As far back as late 2014, UKIP voters were already unhappy with the direction British society was taking. According to a poll from the survey institute YouGov, 61 percent of Tories felt positive about prospects for British people over the next few years, as did 55 percent of Liberal Democrats and 33 percent of Labor voters; among UKIP voters, only 19 were optimistic. Conversely, when asked if they would like to “turn the clock back to the way Britain was 20-30 years ago,” roughly a third of the Tories, Lib Dem, and Labor voters said yes – compared to 68 percent among UKIP.
The same year, the German Marshall Fund’s Transatlantic Trends survey asked Britons who thought EU membership was generally bad for their country why they felt that way. A 34 percent plurality said there was “too much authority in the European Union,” while 25 percent said it had “undermined British culture” – with both answers beating “the European Union has harmed our country’s economy” at 20 percent. In a survey published by Ipsos MORI this past January, 36 percent in Great Britain said they felt like strangers in their own country.
Brexit voters didn’t just want to go back to sovereignty – they wanted to go back in time.

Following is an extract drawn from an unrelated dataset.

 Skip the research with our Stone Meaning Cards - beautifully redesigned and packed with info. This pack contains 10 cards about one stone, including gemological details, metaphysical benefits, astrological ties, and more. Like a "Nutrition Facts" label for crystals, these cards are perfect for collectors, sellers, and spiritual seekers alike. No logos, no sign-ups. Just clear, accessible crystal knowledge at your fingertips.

The same pattern emerges among Trump voters in the United States. A Pew poll conducted just before the election showed a country sharply divided between optimists and pessimists. Two thirds of Clinton voters said the economy had gotten better over the past eight years, and 60 percent said the “job situation” has improved as well. Seven out of ten Trump voters, on the other hand, said both had gotten worse – and between 70 and 90 percent said the same of “security from terrorism,” crime, America’s standing in the world, immigration, and race relations. Many have ascribed Trump’s victory to working class economic woes, but Trump voters were just as likely to cite drug addition as one of the country’s biggest problems (62 percent), as well as “job opportunities for working-class Americans” (63 percent), and they were far more likely to be worried about illegal immigration and terrorism. They were not nearly as worried about income inequality either (33 percent). Seventy-two percent of Trump voters would describe themselves as “traditional”; the same percentage thought of themselves as “typical” Americans. In the same Ipsos poll, 45 percent of Americans feel like strangers in their own country.

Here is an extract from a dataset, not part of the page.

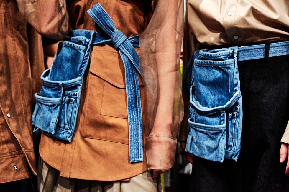 CFDA / Vogue Fashion Fund finalist Matthew Adams Dolan is known for reworking classic Americana in his namesake collection. "I was looking at the enduring legacy of workwear this season," the Massachusetts-born designer explains backstage at his spring 2019 runway show. In a nod to blue collar dress, Dolan crafted tool belt style waist packs out of stone-washed denim, silk, and cotton twill.

So how does this bode for France? Well, not terribly well.
According to the Ipsos MORI survey, the French are more likely to say immigration should be stopped (40 percent) than are the Americans and British (38 percent and 31 percent, respectively). Forty percent feel like strangers in their own country; 77 percent had little confidence in their government, and 65 percent had little confidence in national institutions. The same survey showed that the French are open to some pretty alarming options: 59 percent would be willing to give up basic civil rights to stop terrorism.
With so much desire for change, it would be no wonder if the French wanted a strong leader to take charge – and sure enough, a poll released by Le Figaro on February 6 showed that 80 percent of French want a leader who “is ready to change the rules of the game,” twice as many as said the same in the United States.
To regain voters like these, mainstream politicians may be better off offering a time machine than a platform.